• THE TASK: Print only the lines running from the line with "In general, the" to the final line below, both included, exactly as written and without the pictures.

• DATASET EXCERPT:
|---|

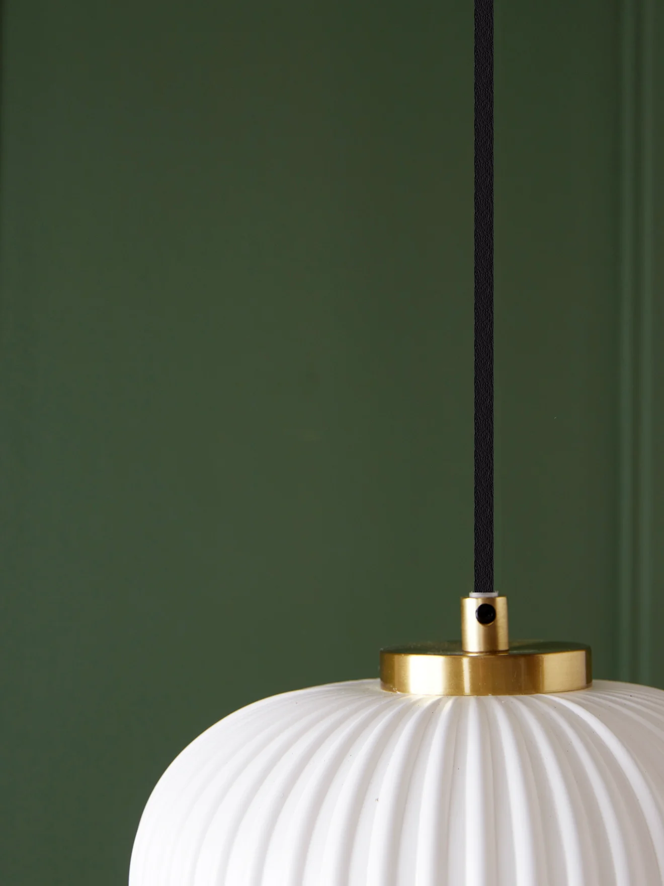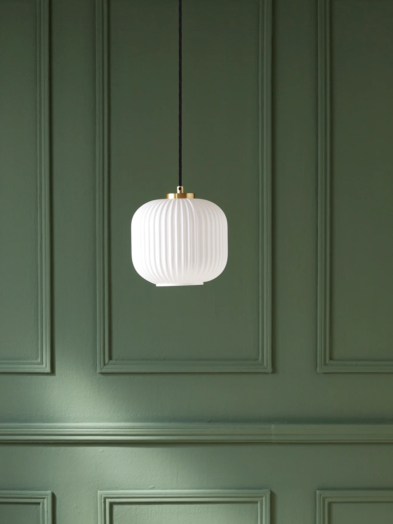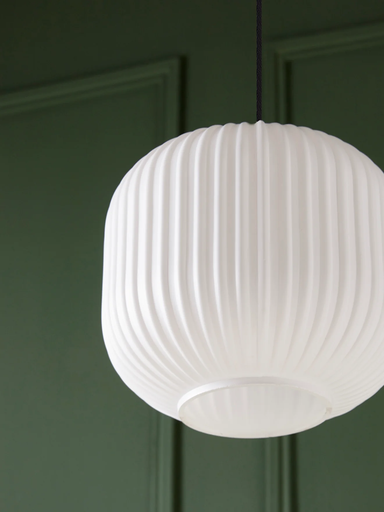 Suspension globe en verre blanc effet opaline. Son design épuré se distingue par le jeu de stries chic et graphique.
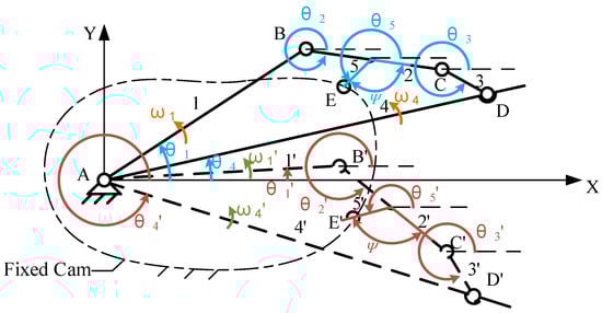 In general, the objective of the cam five-bar mechanism is to achieve a controlled change of the rotational angular speed with the rotation angle. As illustrated in Figure 1, the cam five-bar mechanism is composed of one cam and five bars. Rod 1 is the prime mover, whose angular velocity is constant. Rod 4 is the output member, whose angular velocity is supposed to meet working requirements. In addition, rods 2 and 5 are fixedly connected. Rods 2 and 3 generate the triangle BCD. During the system operation, the angle BCD would be changed if the motion state of rod 2 is adjusted through the cam. Correspondingly, the distance between B and D is also changed. As a result, the movement of the output member (i.e., rod 4) can be determined by adjusting the distance between B and D.
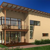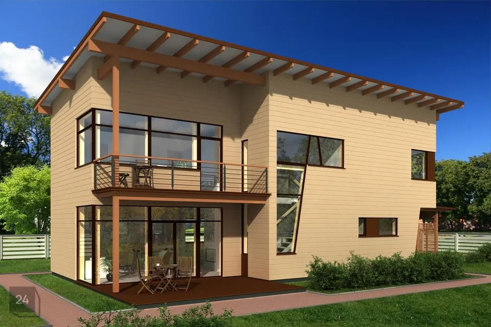 Majale lisavad toredust kõrge kaldkatus ja efektsed puittalad. Maja sissekäigu juures on auto katusealune ja panipaik.

|---|

• SOLUTION FOR THIS EXERCISE:
 In general, the objective of the cam five-bar mechanism is to achieve a controlled change of the rotational angular speed with the rotation angle. As illustrated in Figure 1, the cam five-bar mechanism is composed of one cam and five bars. Rod 1 is the prime mover, whose angular velocity is constant. Rod 4 is the output member, whose angular velocity is supposed to meet working requirements. In addition, rods 2 and 5 are fixedly connected. Rods 2 and 3 generate the triangle BCD. During the system operation, the angle BCD would be changed if the motion state of rod 2 is adjusted through the cam. Correspondingly, the distance between B and D is also changed. As a result, the movement of the output member (i.e., rod 4) can be determined by adjusting the distance between B and D.
 Majale lisavad toredust kõrge kaldkatus ja efektsed puittalad. Maja sissekäigu juures on auto katusealune ja panipaik.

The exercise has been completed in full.